Exactly retype the lines below from the one containing "SAN ROQUE DE" through the end of the listing. Leave pictures out.

++++++

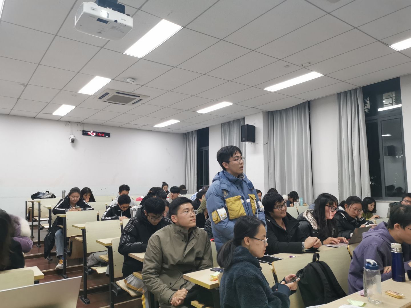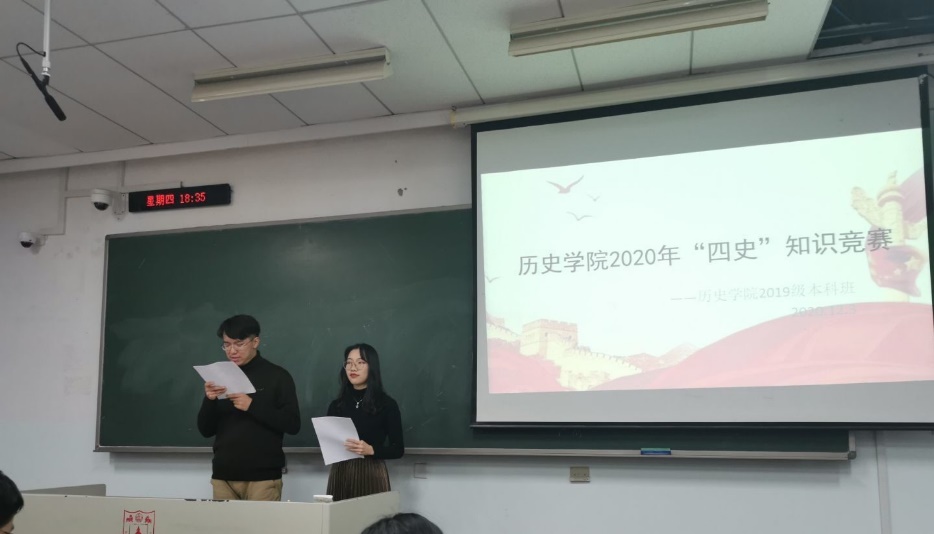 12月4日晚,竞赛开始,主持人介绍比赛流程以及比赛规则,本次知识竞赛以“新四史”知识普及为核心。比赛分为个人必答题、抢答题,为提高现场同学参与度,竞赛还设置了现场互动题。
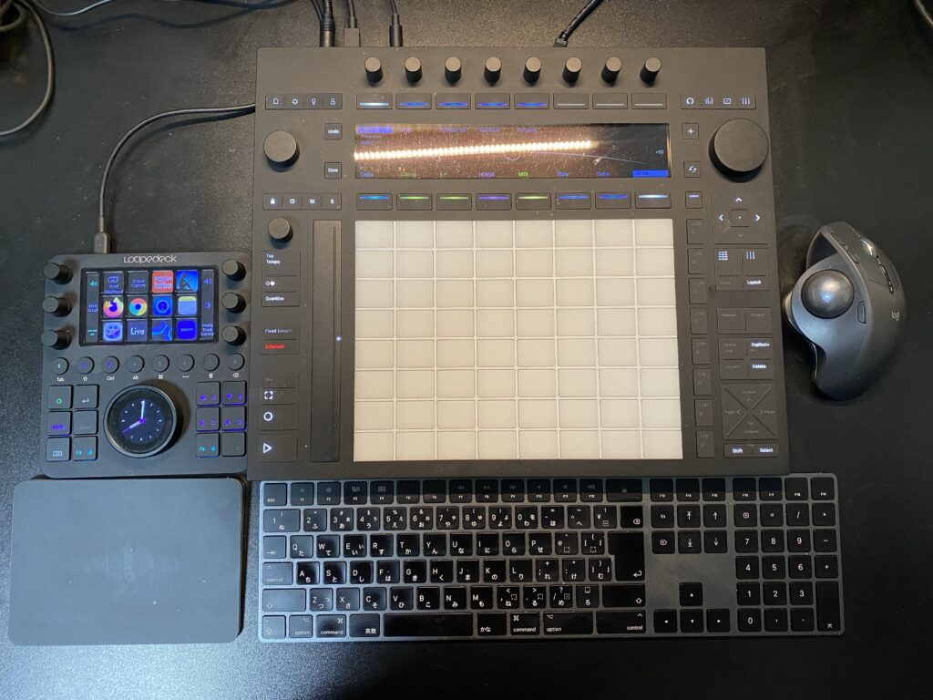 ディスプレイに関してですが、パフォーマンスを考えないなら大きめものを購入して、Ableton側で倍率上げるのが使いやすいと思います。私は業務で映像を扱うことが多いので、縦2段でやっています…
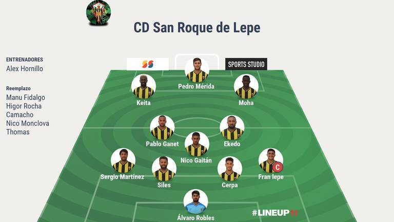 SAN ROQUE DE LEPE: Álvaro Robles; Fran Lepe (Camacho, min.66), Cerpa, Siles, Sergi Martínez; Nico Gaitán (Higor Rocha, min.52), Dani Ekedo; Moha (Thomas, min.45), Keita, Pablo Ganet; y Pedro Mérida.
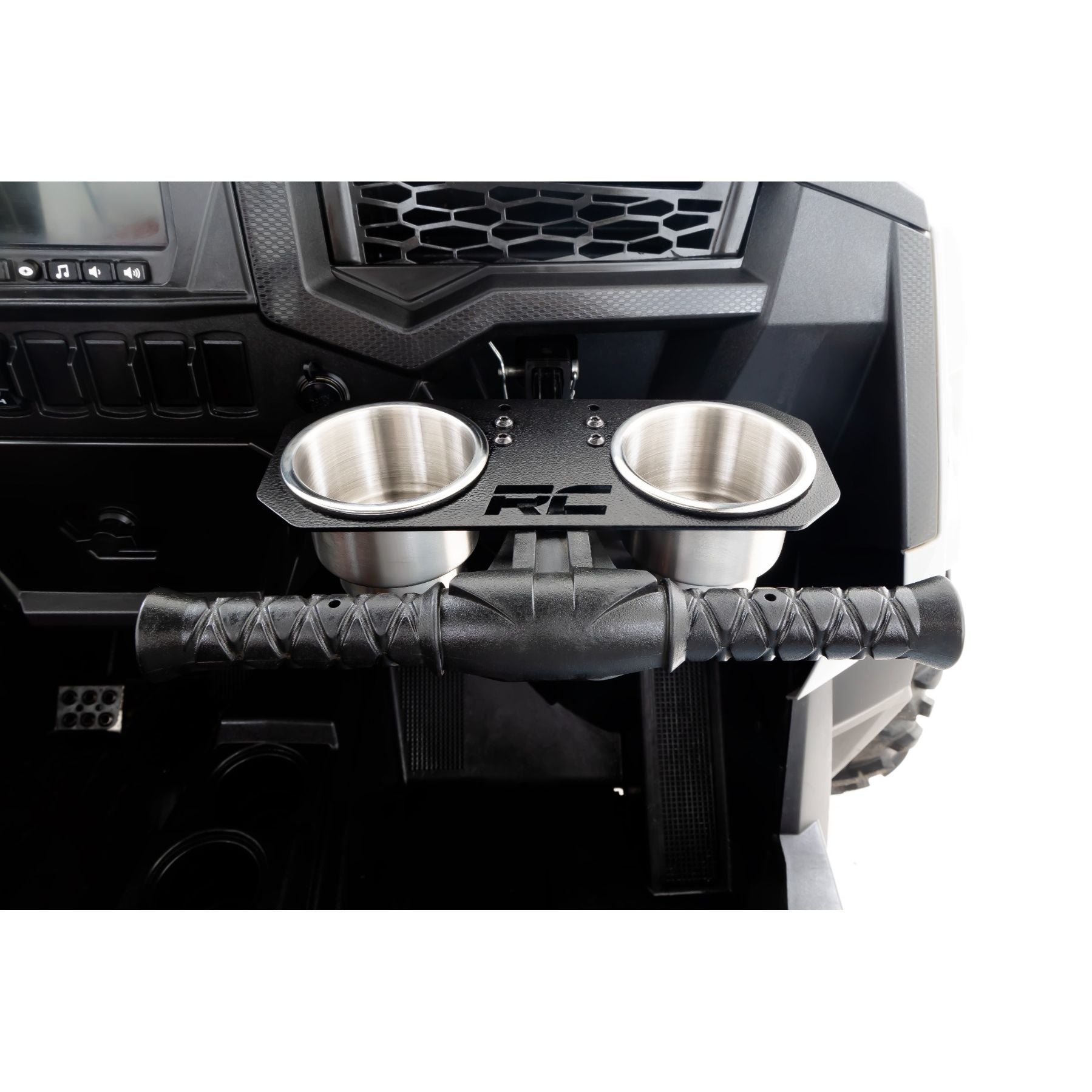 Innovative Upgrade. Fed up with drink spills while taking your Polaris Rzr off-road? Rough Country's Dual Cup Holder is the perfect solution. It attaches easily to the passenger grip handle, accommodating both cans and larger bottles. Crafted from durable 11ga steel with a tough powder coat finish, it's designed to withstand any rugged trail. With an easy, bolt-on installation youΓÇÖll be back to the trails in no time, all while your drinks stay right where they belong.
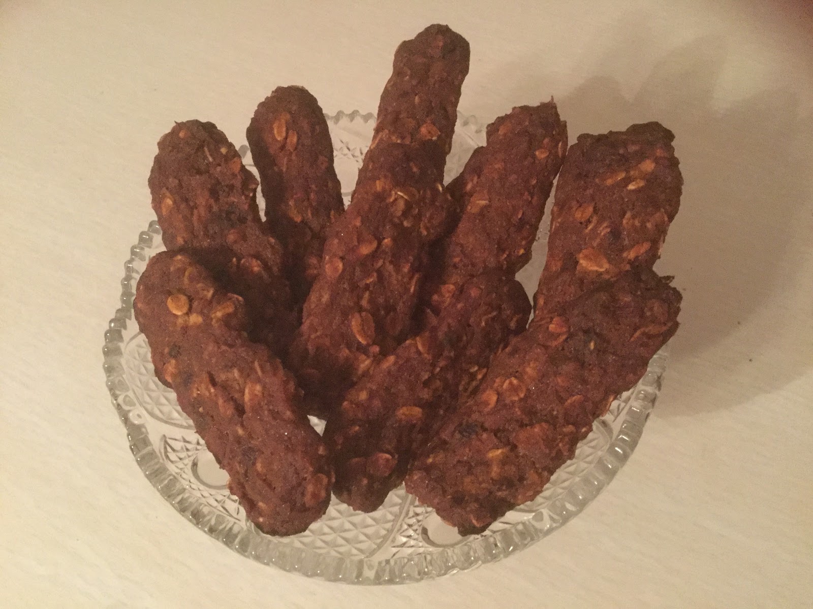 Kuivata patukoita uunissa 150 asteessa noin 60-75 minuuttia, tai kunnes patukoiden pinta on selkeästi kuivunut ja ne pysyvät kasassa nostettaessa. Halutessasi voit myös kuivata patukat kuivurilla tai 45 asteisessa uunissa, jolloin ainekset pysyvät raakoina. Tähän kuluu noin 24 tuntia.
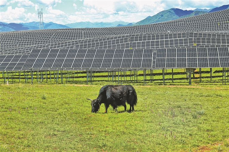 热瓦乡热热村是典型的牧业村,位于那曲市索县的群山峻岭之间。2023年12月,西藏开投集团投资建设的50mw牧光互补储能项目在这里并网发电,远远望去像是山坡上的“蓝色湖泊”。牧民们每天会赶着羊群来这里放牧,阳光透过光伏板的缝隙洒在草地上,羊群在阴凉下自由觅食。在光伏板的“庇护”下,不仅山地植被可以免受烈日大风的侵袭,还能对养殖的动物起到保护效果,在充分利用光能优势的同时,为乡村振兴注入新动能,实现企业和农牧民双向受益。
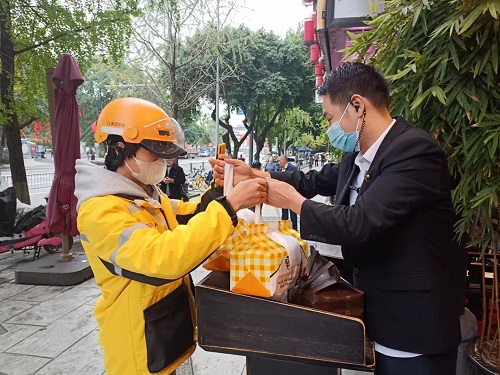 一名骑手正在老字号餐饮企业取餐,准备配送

++++++

Exercise response>
 SAN ROQUE DE LEPE: Álvaro Robles; Fran Lepe (Camacho, min.66), Cerpa, Siles, Sergi Martínez; Nico Gaitán (Higor Rocha, min.52), Dani Ekedo; Moha (Thomas, min.45), Keita, Pablo Ganet; y Pedro Mérida.
 Innovative Upgrade. Fed up with drink spills while taking your Polaris Rzr off-road? Rough Country's Dual Cup Holder is the perfect solution. It attaches easily to the passenger grip handle, accommodating both cans and larger bottles. Crafted from durable 11ga steel with a tough powder coat finish, it's designed to withstand any rugged trail. With an easy, bolt-on installation youΓÇÖll be back to the trails in no time, all while your drinks stay right where they belong.
 Kuivata patukoita uunissa 150 asteessa noin 60-75 minuuttia, tai kunnes patukoiden pinta on selkeästi kuivunut ja ne pysyvät kasassa nostettaessa. Halutessasi voit myös kuivata patukat kuivurilla tai 45 asteisessa uunissa, jolloin ainekset pysyvät raakoina. Tähän kuluu noin 24 tuntia.
 热瓦乡热热村是典型的牧业村,位于那曲市索县的群山峻岭之间。2023年12月,西藏开投集团投资建设的50mw牧光互补储能项目在这里并网发电,远远望去像是山坡上的“蓝色湖泊”。牧民们每天会赶着羊群来这里放牧,阳光透过光伏板的缝隙洒在草地上,羊群在阴凉下自由觅食。在光伏板的“庇护”下,不仅山地植被可以免受烈日大风的侵袭,还能对养殖的动物起到保护效果,在充分利用光能优势的同时,为乡村振兴注入新动能,实现企业和农牧民双向受益。
 一名骑手正在老字号餐饮企业取餐,准备配送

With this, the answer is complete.